Additional Information about the Proposed Merger and Where to
Find It
INVO will furnish to the U.S. Securities and
Exchange Commission (the "SEC") a Current Report on Form 8-K
regarding the Merger, which will include the Merger Agreement as an
exhibit thereto. Shareholders and others wishing to obtain
additional information regarding the Merger Agreement and the
Merger are urged to review these documents, which will be available
at the SEC's website (https://www.sec.gov).
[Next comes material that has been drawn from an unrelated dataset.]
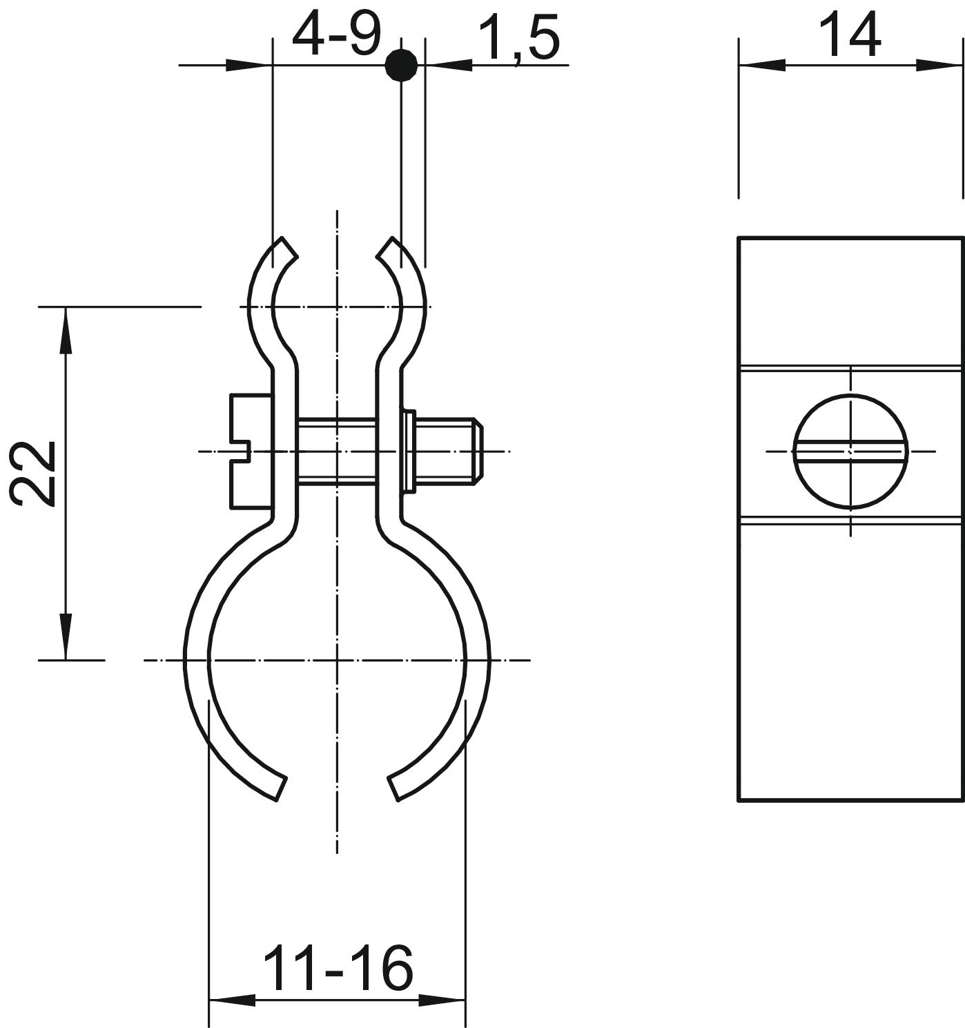 Cote A 22 mm Dimension 11-16mm Empreinte CO2 (GWP) du berceau à la porte 0,0337 kg CO2e / 1 Pièce Matériau Acier Modèle non isolé Nombre de câbles/tubes 1 Surface galvanisé Vis M4x14 - Tous les types

In connection with the Merger, INVO and NAYA will file relevant
materials with the SEC, including a registration statement on Form
S-4 filed by INVO that will include a proxy statement of INVO that
also constitutes a prospectus of INVO. A definitive proxy
statement/prospectus will be distributed to stockholders of
NAYA. This communication is not a substitute for the
registration statement, proxy statement, or prospectus or any other
document that INVO or NAYA (as applicable) may file with the SEC in
connection with the proposed Merger. Before making any
voting or investment decision, investors and security holders of
INVO and NAYA are urged to read carefully and in their entirety the
registration statement, the proxy statement/prospectus, and any
other materials filed with or furnished to the SEC when they become
available, as well as any amendments or supplements to these
documents, as they contain or will contain important information
about INVO, NAYA, the Merger Agreement, the Merger, and related
matters. In addition to receiving the proxy
statement/prospectus by mail, shareholders also will be able to
obtain the full registration statement and the proxy
statement/prospectus and the exhibits thereto, as well as other
filings containing information about INVO, the Merger Agreement,
the Merger, and related matters, without charge, from the SEC's
website (http://www.sec.gov), or at the SEC's public reference room
at 100 F Street, NE, Room 1580, Washington, D.C. 20549. The information
included on, or accessible through, INVO's or NAYA's website is not
incorporated by reference to this communication.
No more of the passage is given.